This experiment aimed at evaluating the yield and weed infestation of winter durum wheat grown in a multi-year cereal monoculture (CM) and crop rotation (CR) as well as in three tillage systems: (1) conventional tillage—CT, (2) reduced tillage—RT, and (3) no-tillage—NT. Shallow ploughing and pre-sowing ploughing were performed in the CT system; a cultivator and a cultivating set were used in the RT system, whereas glyphosate and a cultivating set were applied in the NT system. Grain yield was lower in CM than in CR (1.43 t ha−1 vs. 3.91 t ha−1) as well as in NT than in RT and CT systems. Grain yield and its components were determined to a greater extent by cropping systems (CS) than by tillage systems (TS). The number and air-dry weight of weeds per m2 were higher in CM than in CR, and also in RT than in NT and CT, and were found to be more affected by TS than by CS. At the tillering stage of wheat, more weed species occurred in CM than in CR, whereas at the stage of waxy maturity of wheat—in CR than in CM. Likewise, a higher number of weed species was identified in RT than in CT and NT systems.

Keywords

Cropping systems Tillage systems Number of weeds Air-dry weight of weeds Species composition of weeds 

Introduction

Crop rotations with legumes, root plants, and catch crops as well as soil cultivation with the use of mulch represent the basic elements of sustainable agriculture. Conditions of the crop rotation system ensure high and stable yields, and soil enrichment with organic carbon (Peigné et al. 2007; Montemurro 2009; Zikeli et al. 2013; Woźniak and Soroka 2018). Completely different conditions are offered by the monoculture, because it impoverishes both organic matter and microbiological life in the soil (Balota et al. 2004; Maillard et al. 2016), leads to increased weed infestation, and deteriorates the phytosanitary status of a stand (Hernández-Restrepo et al. 2016; Tillmann et al. 2017; Calzarano et al. 2018). All these negative outcomes result in grain yield decrease and grain quality deterioration (Woźniak and Stępniowska 2017). A research conducted by Woźniak and Soroka (2015) in a 24-year cereal monoculture has demonstrated a high increase in the number and biomass of weeds in the first years of the monoculture, followed by the stabilization of weed infestation in its successive years. The number and biomass of weeds were significantly lower in crop rotations than in the monoculture and depended on the previous crops, however the major weed species identified therein were typical of the root plants from the order Polygono-Chenopodietalia. As reported by Chauhan et al. (2012), crop cultivation in the monoculture leads to the prevalence of a few predominating weed species that are difficult to eradicate. In the research conducted by Woźniak and Soroka (2015), these were weed species typical of the Apero spica-venti-Papaveretum rhoeadis assembly. Also tillage system has been reported to have a strong influence on weed infestation in crop stands (Tuesca et al. 2001; Chauhan et al. 2006; Lahmar 2010). Generally, it may be stated that the no-tillage (NT) system used on moderately-humid fields increas weed infestation (Pekrun and Claupein 2006; Gruber et al. 2012; Woźniak 2018), whereas glyphosate use in this system results in effective weed eradication (Moyer et al. 1994; Hernández Plaza et al. 2015; Koning et al. 2019).
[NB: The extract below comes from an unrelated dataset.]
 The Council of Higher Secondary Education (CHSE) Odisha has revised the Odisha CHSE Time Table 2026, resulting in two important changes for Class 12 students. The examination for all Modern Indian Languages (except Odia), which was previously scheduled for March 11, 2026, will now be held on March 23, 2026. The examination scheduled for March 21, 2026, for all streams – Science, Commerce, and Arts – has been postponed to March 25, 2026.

Increased weed infestation, deteriorated health status of plants, and adverse changes in the soil in the monoculture result in a decreased grain yield (Sieling et al. 2005; Pardo et al. 2008; Shahzad et al. 2016). Usually, grain yield reduction is due to a decrease in the value of one or a few yield components—spike number, grain weight per spike, 1000 grain weight, and grain number per spike (Woźniak and Soroka 2018). However, response of cereals to cultivation in the monoculture varies and is limited by habitat conditions, agrotechnical measures used, and many other factors. The yield of cereals is also affected by tillage systems (Gruber et al. 2012; Zikeli et al. 2013; Montemurro and Maiorana 2015). Many research works have demonstrated that better production results are achieved in the conventional tillage system on moderately humid soils as well as in the no-tillage system on dry soils or in the years with low sums of precipitation (López-Bellido et al. 1996; De Vita et al. 2007).
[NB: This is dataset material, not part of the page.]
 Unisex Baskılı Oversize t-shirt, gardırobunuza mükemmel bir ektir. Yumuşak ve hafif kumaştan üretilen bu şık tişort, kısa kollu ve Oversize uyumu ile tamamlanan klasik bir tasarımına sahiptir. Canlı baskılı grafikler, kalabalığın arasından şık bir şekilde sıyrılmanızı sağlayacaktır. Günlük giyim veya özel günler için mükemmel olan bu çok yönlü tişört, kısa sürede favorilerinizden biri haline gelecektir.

The objective of this study was to evaluate effects of the multi-year cereal monoculture and various tillage systems on the yield and weed infestation of winter durum wheat.

Materials and Methods

Experiment Description

An experiment with cropping systems and tillage systems was conducted in the years 1988–2018 at the Experimental Station Uhrusk belonging to the University of Life Sciences in Lublin (south-eastern Poland, 51°18′12″N, 23°36′48″E). The following cereals were grown in crop rotation and monoculture: winter triticale in the years 1988–2004, spring wheat in the years 2005–2012, as well as winter and spring wheat and durum wheat in the years 2012–2018. Results presented in this manuscript were collected in 2018.

Soil and Climatic Conditions

The soil the experiment was established on was Rendzic Phaeozem (IUSS Working Group WRB 2015). It contained 24% of the silty fraction and 13.3% of the dust fraction, and was characterized by alkaline pH (pHKCL = 7.4, determined in 1 mol KCL dm−3 with the potentiometric method). It had medium contents of available phosphorus—140 mg P kg−1 d.m. (determined with the Egner-Riehm’s method) and potassium—232 mg K kg−1d.m. (determined with the Egner-Riehm’s method), and a moderate content of magnesium—61 mg mg kg−1 d.m. (determined with the Schachtschabels method). Organic carbon content in the soil reached 8.20 g kg−1 d.m. (determined with the Tiurin’s method), and that of total nitrogen reached 0.90 g N kg−1 d.m. (assayed with the Kjeldahl’s method).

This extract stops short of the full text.